Transverse gravity versus observations

TL;DR

This paper explores transverse gravity theories, which differ from General Relativity by having a transverse scalar determinant, and discusses how observational data can constrain these models, especially regarding additional scalar degrees of freedom and equivalence principle violations.

Contribution

It introduces and analyzes transverse gravity models, highlighting their unique features and the observational constraints needed to test their viability against General Relativity.

Findings

Transverse gravity models predict additional scalar degrees of freedom.

These models imply non-equivalence of mass concepts, constrained by equivalence principle tests.

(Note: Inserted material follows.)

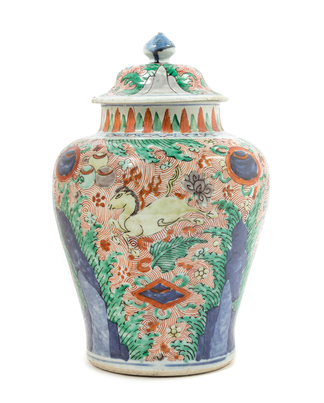 of robust baluster form, depicting galloping horses, scholars rocks, and other Buddhist emblems, the domed cover with lotus bud finial.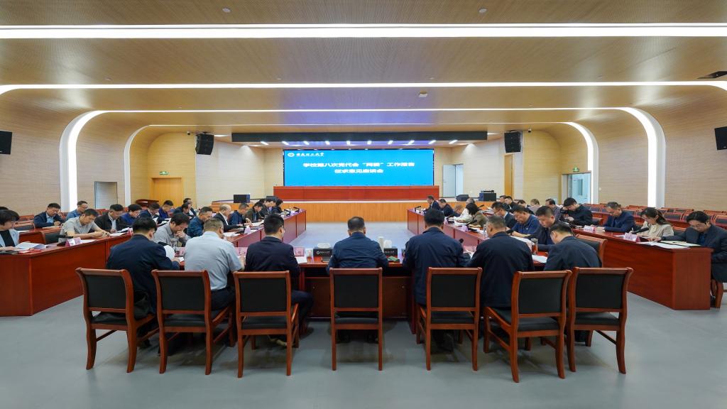 4月17日上午,学校第八次党代会“两委”工作报告(党委工作报告、纪委工作报告)征求意见座谈会在党委办公楼一楼报告厅举行。校党委书记郭永存主持会议并讲话。校领导余玉刚、王献余、王先江、张平松、赵光明、徐良骥出席会议。

Observational bounds tightly restrict deviations from General Relativity.

Abstract

Theories of gravity invariant under those diffeomorphisms generated by transverse vectors, $\pd_\m\xi^\m=0$ are considered. Such theories are dubbed transverse, and differ from General Relativity in that the determinant of the metric, $g$, is a transverse scalar. We comment on diverse ways in which these models can be constrained using a variety of observations. Generically, an additional scalar degree of freedom mediates the interaction, so the usual constraints on scalar-tensor theories have to be imposed. If the purely gravitational part is Einstein--Hilbert but the matter action is transverse, the models predict that the three {\em a priori} different concepts of mass (gravitational active and gravitational passive as well as inertial) are not equivalent anymore. These transverse deviations from General Relativity are therefore tightly constrained, actually correlated with existing bounds on violations of the equivalence principle, local violations of Newton's third law and/or violation of Local Position Invariance.